A Memory for Large Language Models

SUPR uses JavaScript for certain functions. We cannot guarantee that you will be able to use the system with JavaScript disabled.

Dnr:

NAISS 2023/22-702

Type:

NAISS Small Compute

Principal Investigator:

Alessio Galatolo

Affiliation:

Uppsala universitet

Start Date:

2023-06-30

End Date:

2024-07-01

Primary Classification:

10208: Language Technology (Computational Linguistics)

Webpage:

Allocation

Alvis at C3SE: 250 GPU-h/month
Mimer at C3SE: 250 GiB

Abstract

Large Language Models (LLMs) have seen a rise in recent years thanks to their ability to scale well and allow massive parallelism during training. This has brought the development of LLMs of increasing size and the discovery of latent abilities that completely outclass traditional Natural Language Generation (NLG) systems e.g. rule-based systems.

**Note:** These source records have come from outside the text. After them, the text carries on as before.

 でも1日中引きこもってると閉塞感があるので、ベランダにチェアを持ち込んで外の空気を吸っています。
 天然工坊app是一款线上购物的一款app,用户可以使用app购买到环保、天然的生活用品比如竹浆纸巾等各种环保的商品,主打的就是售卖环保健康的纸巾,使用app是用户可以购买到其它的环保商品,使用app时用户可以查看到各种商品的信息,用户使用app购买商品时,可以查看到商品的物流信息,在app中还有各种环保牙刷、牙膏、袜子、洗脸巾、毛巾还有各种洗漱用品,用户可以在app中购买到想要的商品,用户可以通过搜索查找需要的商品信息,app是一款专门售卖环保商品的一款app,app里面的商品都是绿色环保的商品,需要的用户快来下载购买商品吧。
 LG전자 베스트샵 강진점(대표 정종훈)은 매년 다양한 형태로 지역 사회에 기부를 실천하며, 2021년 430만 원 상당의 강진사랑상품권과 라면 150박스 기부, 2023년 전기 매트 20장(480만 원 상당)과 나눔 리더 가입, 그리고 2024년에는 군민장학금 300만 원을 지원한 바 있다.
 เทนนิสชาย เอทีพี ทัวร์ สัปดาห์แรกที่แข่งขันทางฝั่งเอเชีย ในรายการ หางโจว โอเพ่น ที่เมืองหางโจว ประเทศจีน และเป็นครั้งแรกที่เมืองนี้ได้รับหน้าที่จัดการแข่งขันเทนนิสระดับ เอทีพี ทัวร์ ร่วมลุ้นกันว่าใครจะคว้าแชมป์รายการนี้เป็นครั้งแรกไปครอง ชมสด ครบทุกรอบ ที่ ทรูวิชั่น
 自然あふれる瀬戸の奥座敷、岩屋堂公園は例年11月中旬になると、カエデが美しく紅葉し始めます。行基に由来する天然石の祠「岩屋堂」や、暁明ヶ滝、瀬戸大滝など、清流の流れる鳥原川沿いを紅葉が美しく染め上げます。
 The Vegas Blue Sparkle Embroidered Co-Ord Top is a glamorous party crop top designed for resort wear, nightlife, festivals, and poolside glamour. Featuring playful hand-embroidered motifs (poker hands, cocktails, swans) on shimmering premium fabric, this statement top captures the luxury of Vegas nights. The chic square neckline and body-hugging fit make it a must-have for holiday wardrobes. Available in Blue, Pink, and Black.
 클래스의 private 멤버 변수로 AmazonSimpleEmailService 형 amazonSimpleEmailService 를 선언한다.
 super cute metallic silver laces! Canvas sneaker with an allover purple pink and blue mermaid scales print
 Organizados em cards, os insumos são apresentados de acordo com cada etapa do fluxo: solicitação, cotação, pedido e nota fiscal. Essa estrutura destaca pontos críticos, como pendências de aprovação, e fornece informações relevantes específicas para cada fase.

However, they also introduced new issues like their inability to retain the history of previous interactions due to their stateless nature or the difficulty in controlling their generation, sometimes resulting in very plausible but wrong generations, also called "hallucinations". Different attempts have been made targeting both issues e.g. a "brute force" approach to solving the memory issue is to include the conversation history in full in the context window, a solution that is limited by the quadratic scalability of LLMs with respect to their context window's size or the use of in-context learning to target the controllability issue. In this work, we will start by exploring computationally "reasonable" solutions to the memory problem with a possible extension to the controllability task. Solving the lack of memory entails both the incorporation of a detection mechanism of relevant memories from a given conversation history and the ability to follow, or adapt the intended generation according to it. Upon successful development of such a system, additional work will be conducted to test the adaptability of such a system to solve the task of controllability (i.e. using the ability of the LLM to adapt to a given ground knowledge). Finally, we will conduct a thorough evaluation of the performance in both tasks through relevant benchmarks and datasets.